Question 4: Is treatment efficacy related to the type of ESPCs included?
We then explored the pooled posttreatment effect size for each ESPC type (see Fig. 3), as well as whether these effect sizes significantly differed from an effect size of zero. As shown in Table 2, across the entire sample, the anxiety subsample, and the conduct subsample, calming (0.42–0.58), increasing motivation (0.43–0.68), changing unhelpful cognitions (0.50–0.69), solving problems (0.41–0.90), and practicing the positive opposite (0.52–0.56) generated significant posttreatment effect sizes, relative to an effect size of zero. Within the anxiety subsample, practicing the positive opposite also yielded a significant pooled posttreatment effect size of .54 when used as a standalone intervention. Within the ADHD subsample, significant pooled posttreatment effect sizes emerged for treatments with increasing motivation (0.56), solving problems (0.32), and practicing the positive opposite (0.39) and, within the depression subsample, significant pooled posttreatment effect sizes emerged for treatments with changing unhelpful cognitions (0.24) and practicing the positive opposite (0.28).

Empirically supported principle of change (ESPC) type and pooled posttreatment effect size across the entire sample. Asterisks indicate effect sizes that could not be calculated because of insufficient degrees of freedom (dfs < 4). Values in parentheses represent the sample size of the treatment–control comparison. Overall effect sizes represent pooled Hedges’s g of each ESPC used as a standalone treatment and with other ESPCs.
Pooled Posttreatment Effect Size of Treatments With Each Empirically Supported Principle of Change (ESPC)
Note: Pooled effect sizes are Hedges’s gs. p values and confidence intervals (CIs) represent whether the pooled effect size of a given ESPC is significantly greater than an effect size of zero. No values are reported when a particular subsample did not have sufficient degrees of freedom (dfs < 4) to yield reliable results.
Question 5: Is treatment efficacy related to the number of ESPCs included?

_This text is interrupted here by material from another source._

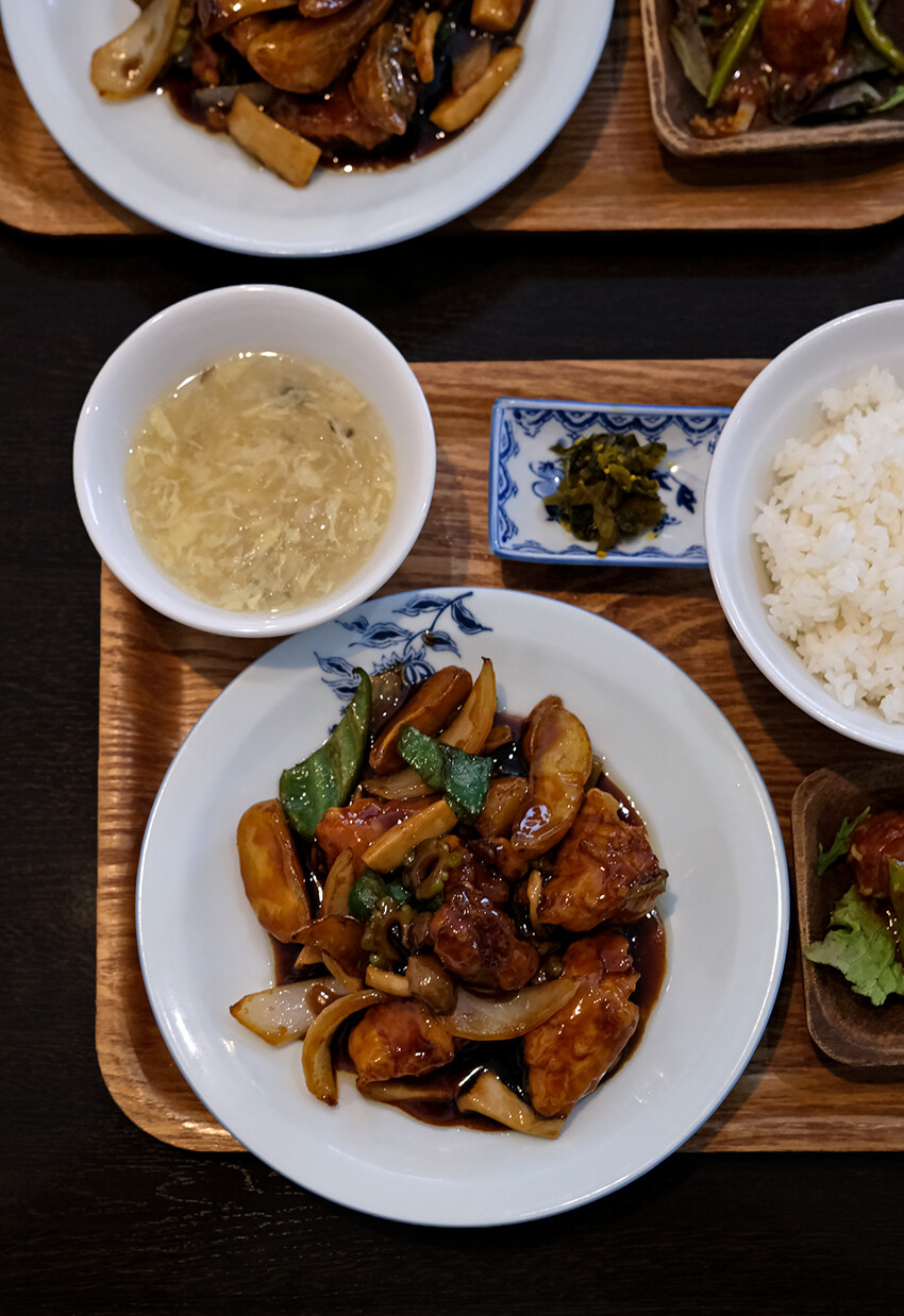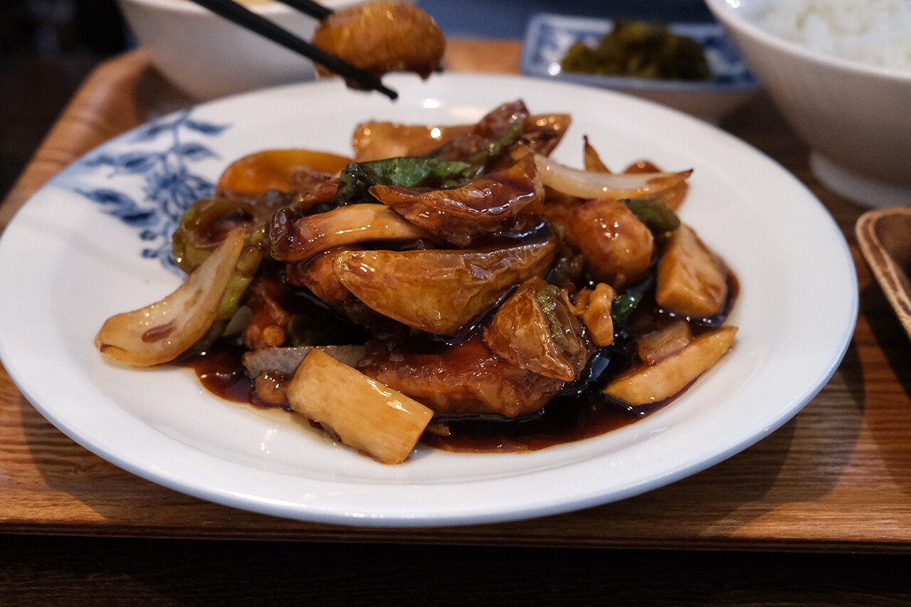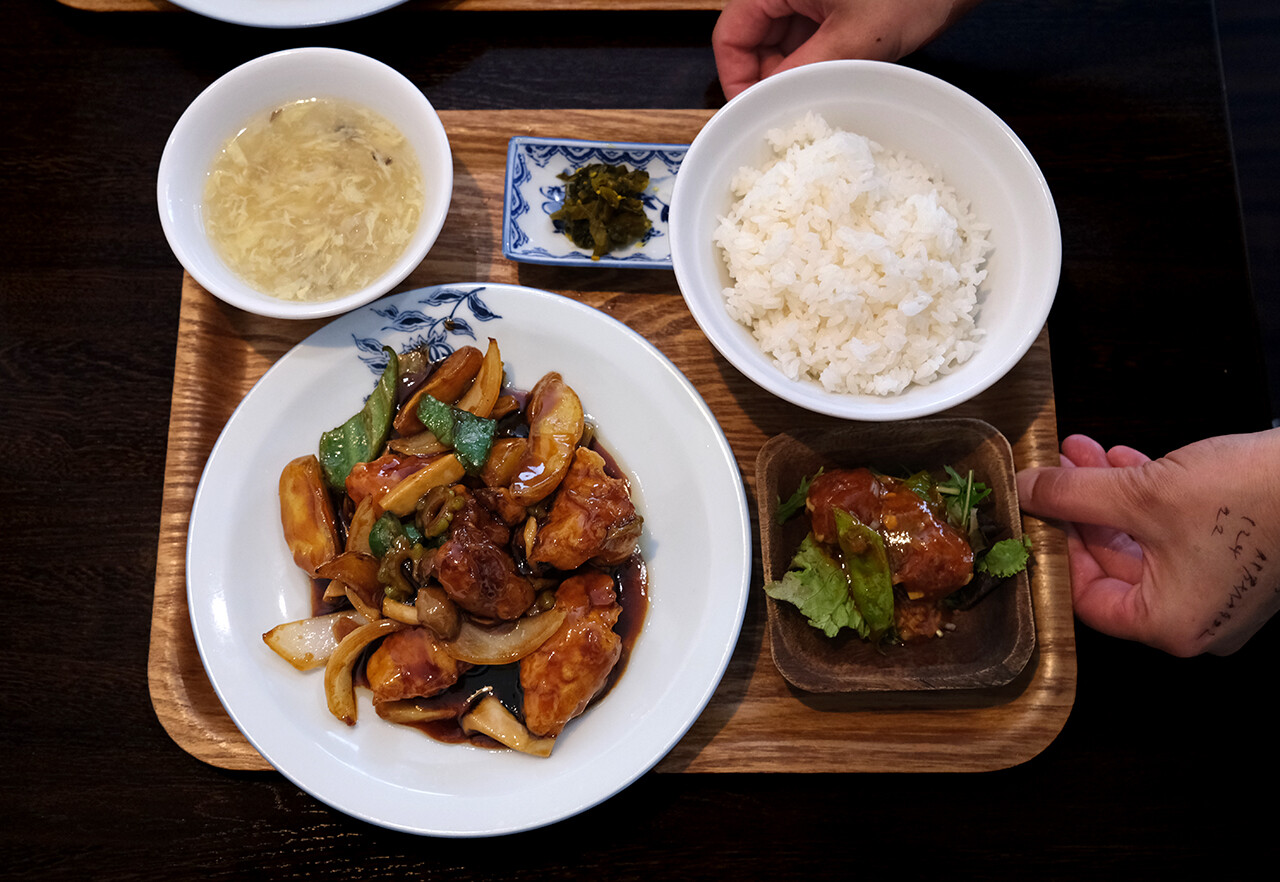 お昼は【杏仁荘】の今週の週替わり定食は、夏野菜の黒酢鶏定食。「ご飯イケるやつですよ。ご飯大盛りですよね?」「そうなるよね」

First, we tested the number of ESPCs per psychotherapy as a continuous moderator of posttreatment effect size. Number of ESPCs did not significantly moderate treatment efficacy in the entire sample (b = 0.42, df = 345, SE = 0.03, 95% confidence interval [CI] = [0.36, 0.48], p = .119), depression subsample (b = 0.22, df = 9.52, SE = 0.05, 95% CI = [0.09, 0.34], p = .608), ADHD subsample (b = 0.69, df = 41, SE = 0.07, 95% CI = [0.55, 0.83], p = .060), or conduct subsample (b = 0.38, df = 112, SE = 0.06, 95% CI = [0.26, 0.51], p = .376). However, it did significantly moderate treatment efficacy in the anxiety subsample (b = 0.38, df = 149, SE = 0.04, 95% CI = [0.30, 0.46], p = .024); specifically, therapies with more ESPCs yielded higher pooled posttreatment effect sizes.
We then tested the number of ESPCs as a categorical moderator of posttreatment effect size. The results from these models using the entire sample and each subsample are shown in Table 3. Treatments with five ESPCs were specified as the reference category in these models, except for the ADHD subsample because none of these treatments included five ESPCs; instead, treatments with four ESPCs were specified as the reference category for this subsample. In the entire sample and anxiety subsample, treatments with five ESPCs yielded significantly larger posttreatment effect sizes relative to those with one, two, three, and four ESPCs. No significant effects were found in the conduct or ADHD subsamples, and these models could not be implemented with the depression subsample because of insufficient degrees of freedom for reliable estimates (dfs < 4; Fisher et al., 2018).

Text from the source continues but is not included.